A second version is the dual-exposure, single-etch approach. Semiconductor makers are enthusiastic about this method because it requires fewer processing steps; the challenge for resist manufacturers is to develop a technique to expose the second resist pattern without harming the first pattern. Slezak, for example, says JSR is looking into cross-linking or chemical freezing agents that would fix the first pattern prior to the second exposure.
The uncertainty about lithography at 32 nm presents a conundrum for resist manufacturers, Hemond notes, because they can't afford to pursue all possible avenues of research. "I picture it as a neighborhood with a lot of cul-de-sacs," he says. "You don't want to get lost in them." Rohm and Haas tries to limit its wrong turns by concentrating its R&D resources on alliances with a few industry leaders.
Dammel laments the fact that materials suppliers have not adopted the precompetitive consortia and other cooperative research approaches that their customers have. "We see that semiconductor manufacturers increasingly cooperate in development and combine their efforts to save costs," he observes. "Materials suppliers have not done so and do not have a business model for doing so."
Meanwhile, the cost of development isn't abating. Hemond says Rohm and Haas has invested $100 million in its electronic materials business over the past three years. And the company just announced that it will spend $60 million on new lithography equipment to research 193-nm resists and antireflective coatings.

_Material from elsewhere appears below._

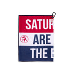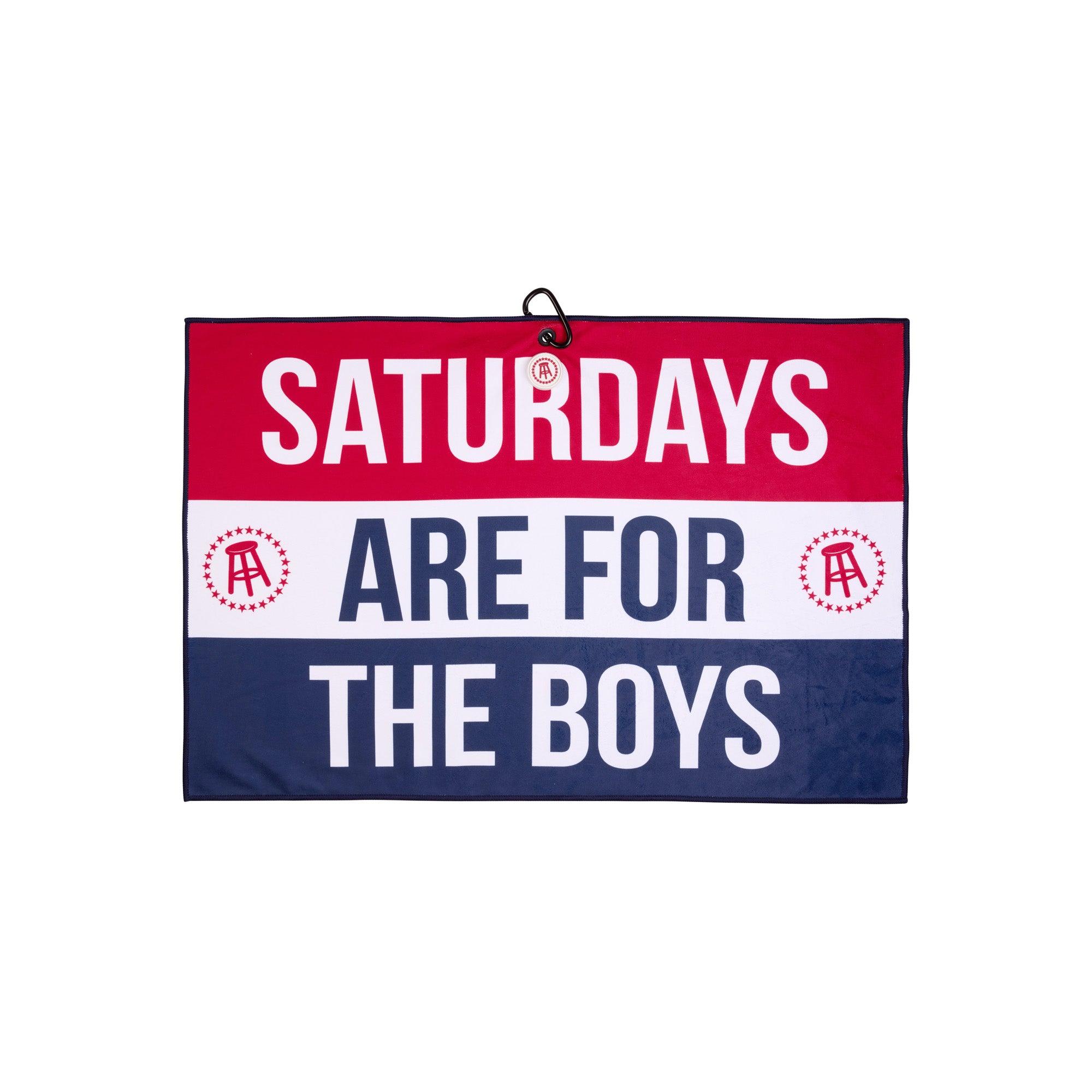 Saturdays are for the boys. . . to play golf. Keep your gear clean and dry with our Barstool Golf “SAFTB” Quick Stick Golf Towel 18X27, featuring a premium ribbed fabric. This red, white, and blue Barstool towel is a staple for the course with its ultimate absorbency and carabiner clip to conveniently attach to your golf bag. Effortlessly pick up moisture and debris for your gear to stay looking brand new. It’s the best golf towel that shows up when the group chat turns into a tee time.

Because such pricey investments will be required to develop the materials of the future, Hemond sees a consolidation of the electronic chemicals industry into just a few strong players. He cites a rule of thumb holding that, over time, industries consolidate into three major players. "The rule of three applies in most businesses and will in photoresist materials," he says. "We expect to be one of those three."